Вот он повернул голову, увидел шедшего мимо палаты отца Николая и приветливо улыбнулся ему, как доброму знакомому. Отец протоиерей хмуро прошествовал мимо; не ответив на поклон, однако сомнений быть не могло: на койке лежал Александр Васильевич Овчинников, притом явно выздоравливающий!..
Нет, нет, никаких помех святому делу теперь уже быть не может! Невозможно отнять Антонину у бога! Значит, скорее в Яшму, где все должно совершиться быстро, чтобы пути назад уже не осталось! Обитель обретет свою святую!
Два знаменитых русских князя, самолетский "Князь Иоанн Калита", шедший вниз, и русинский "Князь Пожарский", торопившийся вверх, встретились ночью в Томне, у одной угольной баржи.

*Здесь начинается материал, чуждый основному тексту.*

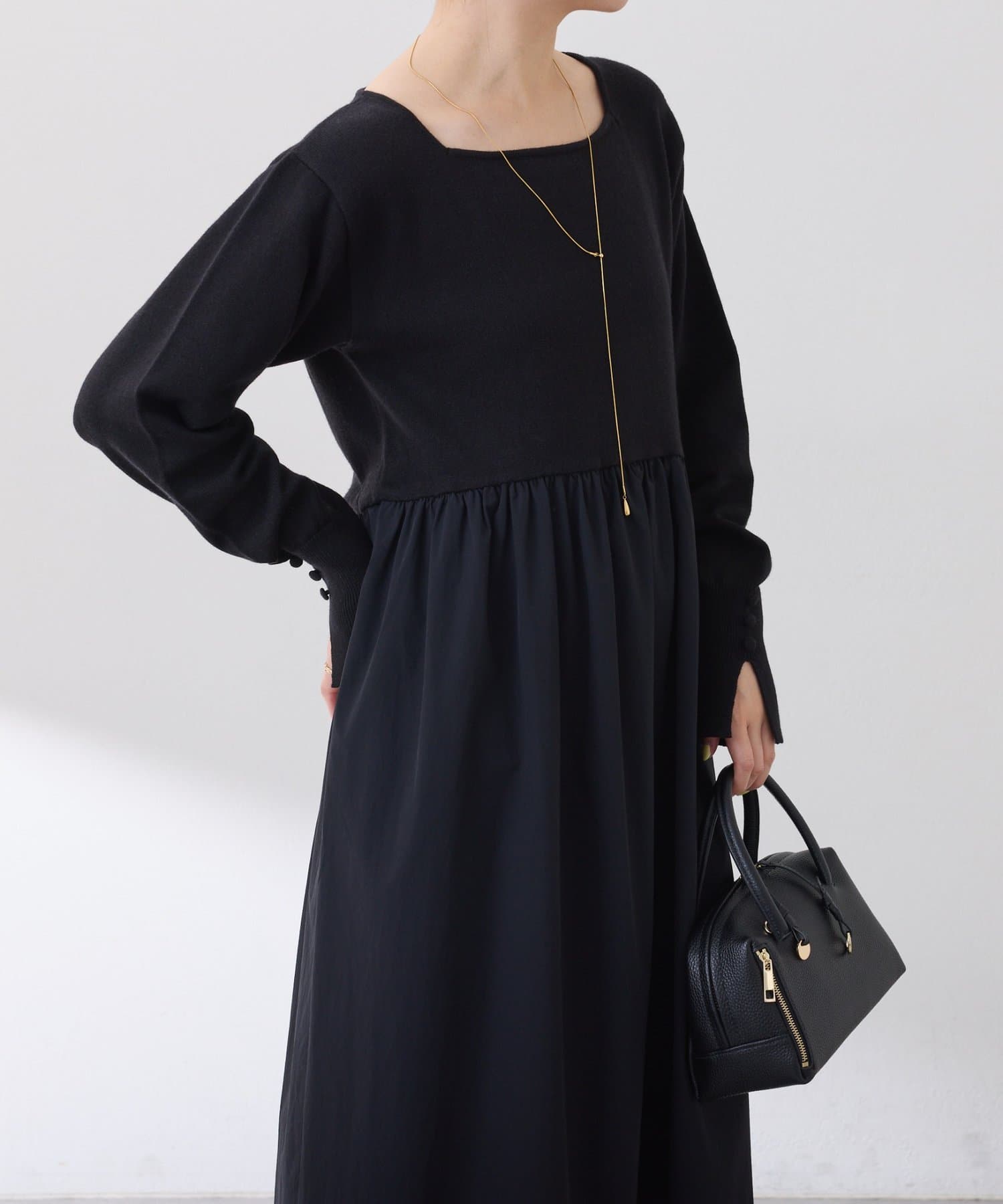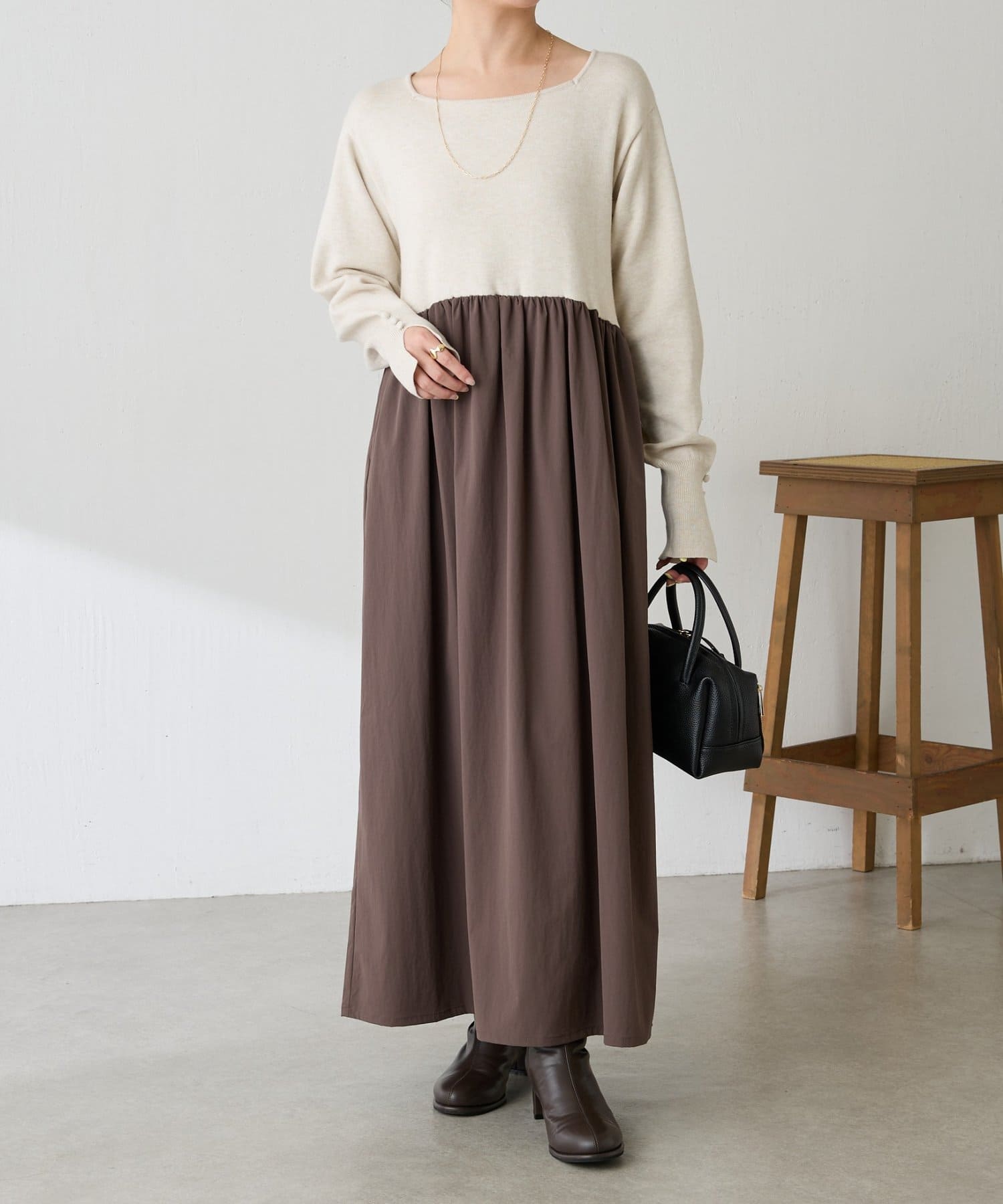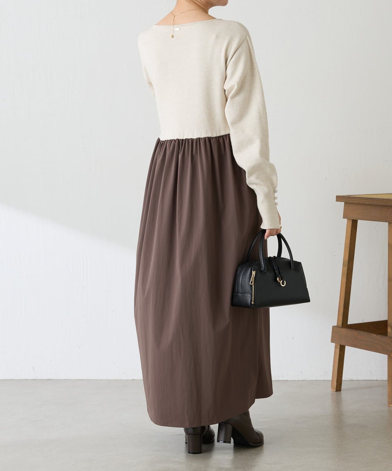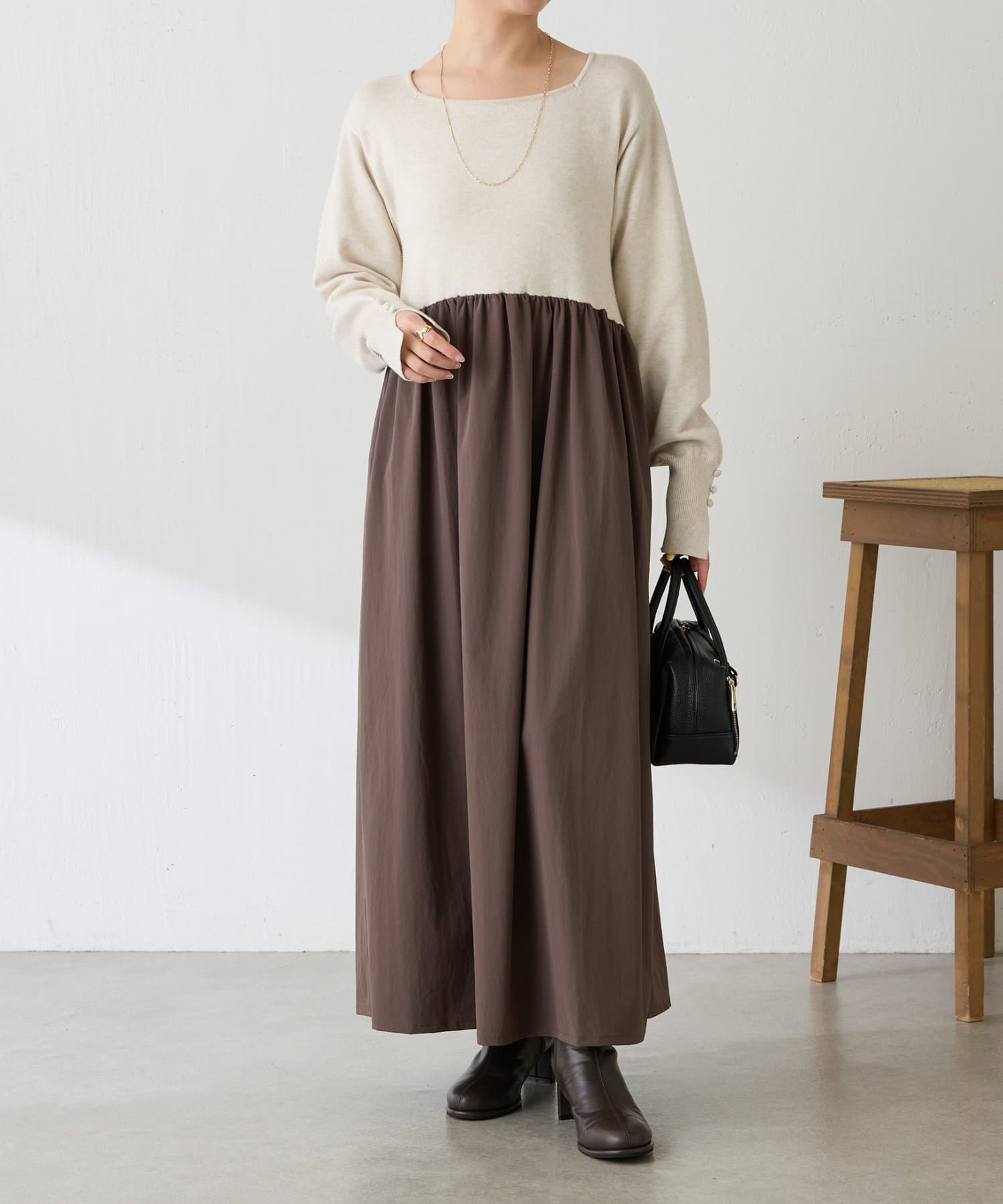 ・1枚で華やかな装いに仕上がるドッキングワンピース。

Пароходы стали бок о бок и лишь перед рассветом закончили бункеровку.
Комиссар Шанин спал на кожаном диване в салоне "Князя Пожарского". Он с головой укрылся своим черным летным регланом с крылышками и не мог видеть, как вышла на пустую палубу "Иоанна Калиты" тоненькая большеглазая девушка в черной одежде. Человек, знакомый с живописью, мог бы принять ее. за оживший образ с нестеровской картины.
Девушка придерживалась за перила, как выздоравливающая, и неуверенно шла кругом палубного настила. Так обошла она тихонечко всю палубу и стала на корме в тень, когда пароходы, включив прожекторы, начали работать колесами и медленно отдаляться друг от друга.

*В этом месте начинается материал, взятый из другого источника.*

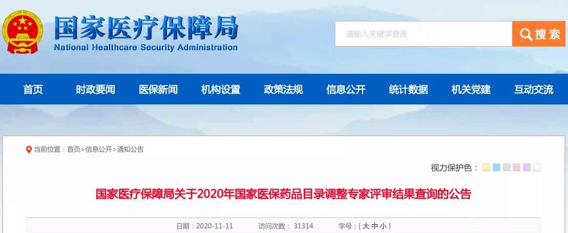 11月11日,国家医保局发布《关于2020年国家医保药品目录调整专家评审结果查询的公告》。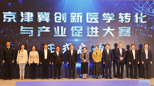 4月10日下午,2025京津冀创新医学转化与产业促进大赛在北京城市副中心通州区启动。中共北京市委统战部副部长、市工商联党组书记严卫群,农工党北京市委会副主委、北京市卫生健康委主任刘俊彩出席并致辞,通州区委副书记、区长郑皓,中国工程院院士、中国医学科学院药物研究院院长蒋建东出席。农工党中央区域协同发展工作委员会主任、北京市委会专职副主委江欣主持启动仪式。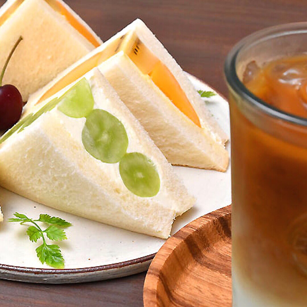 山梨県産を使用した「シャインマスカットのフルーツサンド」は~9月頃まで提供予定となっている。こだわりの珈琲とともに、美しすぎる断面のフルーツサンドを味わってみてはいかがだろう?【by東カレ編集部】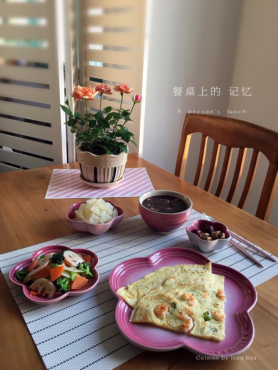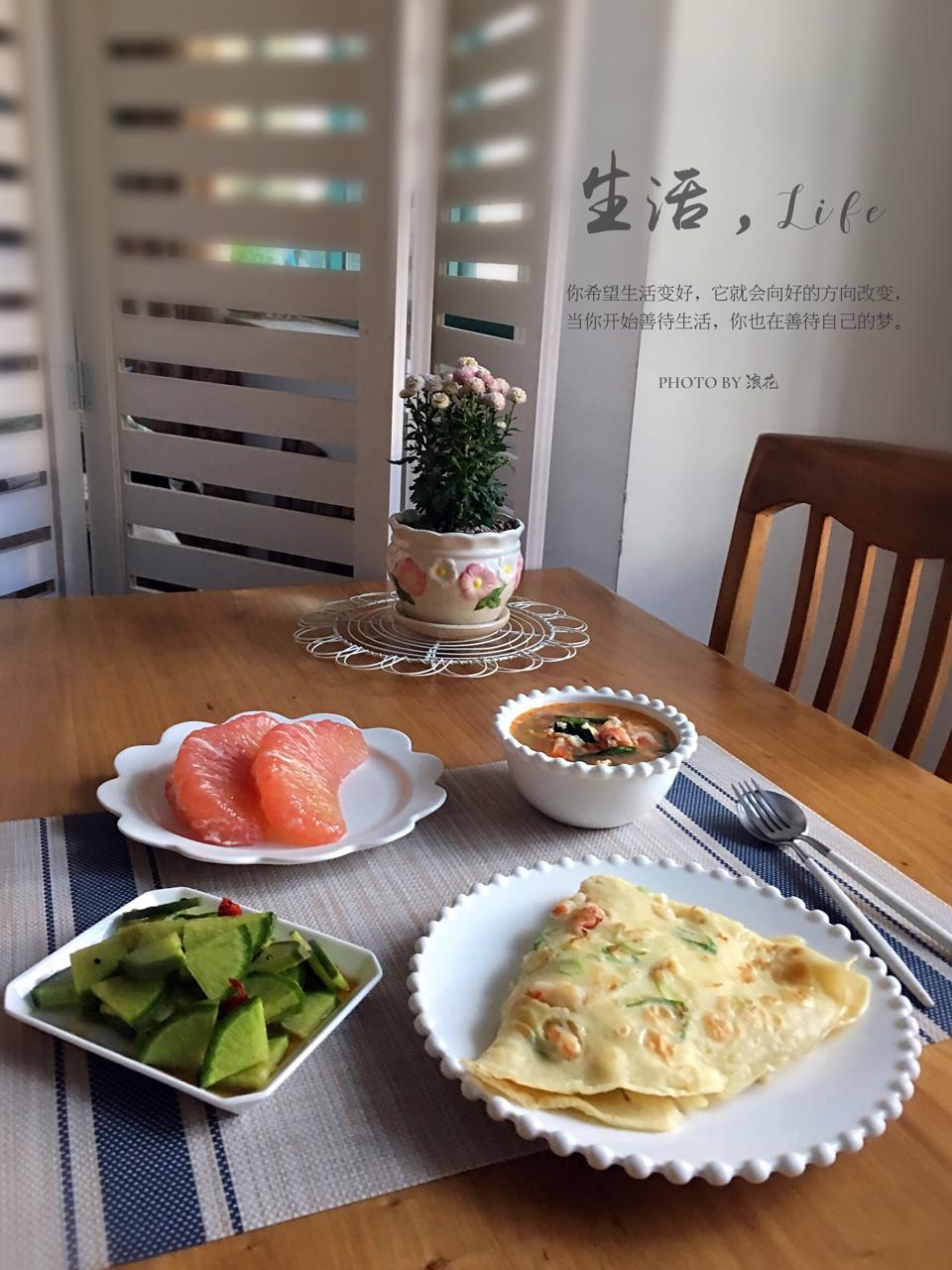 周五早餐~拌杂蔬、虾仁鸡蛋饼、红枣杂粮粥、核桃+红枣、甜柚。早上好🌹

Луч прожектора соскользнул с черной женской фигурки на корме, сбежал вниз и расплылся слабым желтым пятном на воде: "Князь Иоанн Калита" разминулся с "Князем Пожарским".

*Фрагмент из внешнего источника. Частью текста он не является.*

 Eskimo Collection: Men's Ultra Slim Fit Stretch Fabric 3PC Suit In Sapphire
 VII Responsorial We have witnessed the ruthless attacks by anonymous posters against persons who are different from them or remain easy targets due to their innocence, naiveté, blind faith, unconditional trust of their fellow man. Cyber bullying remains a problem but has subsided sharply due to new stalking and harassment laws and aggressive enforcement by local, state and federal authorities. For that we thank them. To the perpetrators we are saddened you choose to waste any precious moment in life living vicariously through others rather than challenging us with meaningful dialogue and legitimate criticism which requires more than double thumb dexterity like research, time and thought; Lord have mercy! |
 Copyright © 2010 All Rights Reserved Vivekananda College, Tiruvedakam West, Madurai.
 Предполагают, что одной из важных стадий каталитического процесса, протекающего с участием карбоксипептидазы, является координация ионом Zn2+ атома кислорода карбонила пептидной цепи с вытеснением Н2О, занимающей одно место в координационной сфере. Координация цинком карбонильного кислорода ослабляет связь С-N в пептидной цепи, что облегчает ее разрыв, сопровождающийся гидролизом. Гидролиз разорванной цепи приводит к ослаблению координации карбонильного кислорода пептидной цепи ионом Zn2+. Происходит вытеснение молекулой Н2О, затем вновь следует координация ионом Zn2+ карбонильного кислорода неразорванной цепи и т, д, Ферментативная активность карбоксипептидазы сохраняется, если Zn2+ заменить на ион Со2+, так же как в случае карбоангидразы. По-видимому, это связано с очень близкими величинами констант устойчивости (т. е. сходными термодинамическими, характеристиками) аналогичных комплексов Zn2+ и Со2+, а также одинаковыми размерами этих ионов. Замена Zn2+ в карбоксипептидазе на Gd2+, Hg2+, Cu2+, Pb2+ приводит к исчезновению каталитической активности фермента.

И опять за бортом "Калиты" лишь темная река в просторных и пустынных берегах.
Как величаво ее медленное шествие к югу, под буйные ветры Каспия! Течет и течет изо дня в день спокойная вода, обходит перекат за перекатом бакен за бакеном. Течет и плещет в меловые скалы и глинистые обрывы. течет под солнцем и под снегом, под ливнями и градом, течет и под струями смертоносного свинца. Ведь еще так недавно и так близко отсюда вскипала эта волжская вода от пулеметной ярости и взяла навек в свои глубокие недра черную лодочку и отважного пловца...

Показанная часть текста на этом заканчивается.